2. Efficient Transmittance Calculation:
   • The researchers developed closed-form solutions for calculating how light transmits through the media.
   • This bypasses the need for computationally expensive tracking techniques that are standard with voxel grids.
3. Volume Rendering:
   • The method provides a way to handle forward rendering (for generating images from a model) and inverse rendering (for deducing the model from images).
4. Improved Performance and Memory Efficiency:
   • The representation is far less memory-intensive. For instance, the cloud dataset example achieves significant compression from 550.4MBs (voxel grid) to just 215KBs (Gaussian primitives).

Strong Numerical Results

One of the paper's standout results is the performance improvement:

• Memory Compression: The 3D Gaussian approach can represent complex scenes using significantly less memory.
• Speed: Achieving average framerates of 400-500 frames per second (FPS) with minimal loss in quality (just 2-3 dB PSNR in synthetic datasets).

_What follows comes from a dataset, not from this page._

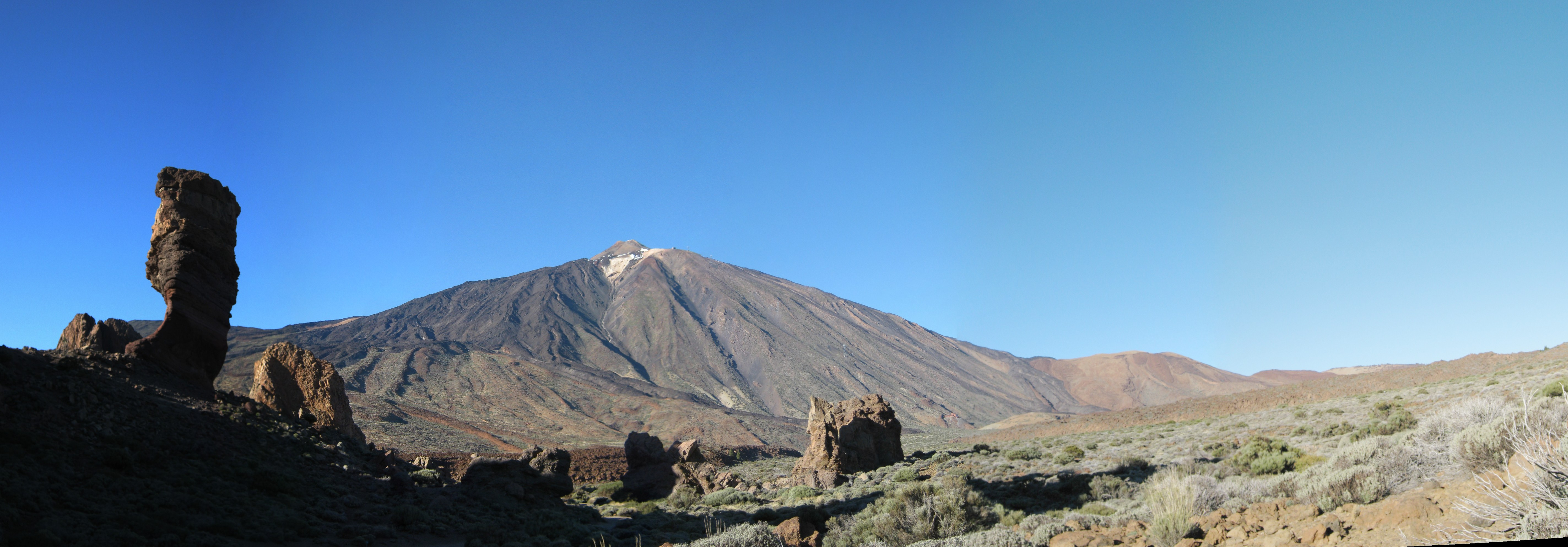 Panorama view from Los Roques to Pico del Teide

Practical and Theoretical Implications

Practical Implications:

• Real-Time Applications: With the drastic reduction in memory and increased rendering speed, this method is particularly compelling for real-time applications, such as virtual reality and interactive graphics.
• Production Pipelines: The approach simplifies the data handling in production environments, reducing storage and computational costs.

Theoretical Implications:

• Extension to Other Kernels: Although this paper focuses on Gaussian kernels, the authors hint at the potential to use other kernel types, which may further generalize and optimize performance.
• Future Algorithms: This opens up new avenues for both the forward and inverse rendering algorithms to better handle complex lighting scenarios.

Future Directions

1. Exploring Other Kernels: There's potential for other types of kernels that could provide even better performance or compactness.
2. Handling Anisotropic and Correlated Media: Generalizing the current framework to more complex media types.
3. Level-of-Detail Representations: A promising application for the film and gaming industry, where different levels of detail are often needed.

Conclusion

This paper provides a novel method for modeling and rendering volumetric media, showing significant improvements over traditional grid-based approaches. Through volumetric primitives, particularly 3D Gaussians, the research demonstrates not only a memory-efficient representation but also faster rendering, making it highly suitable for real-time applications and scalable production environments. Future work on this framework could further extend its capabilities and efficiency.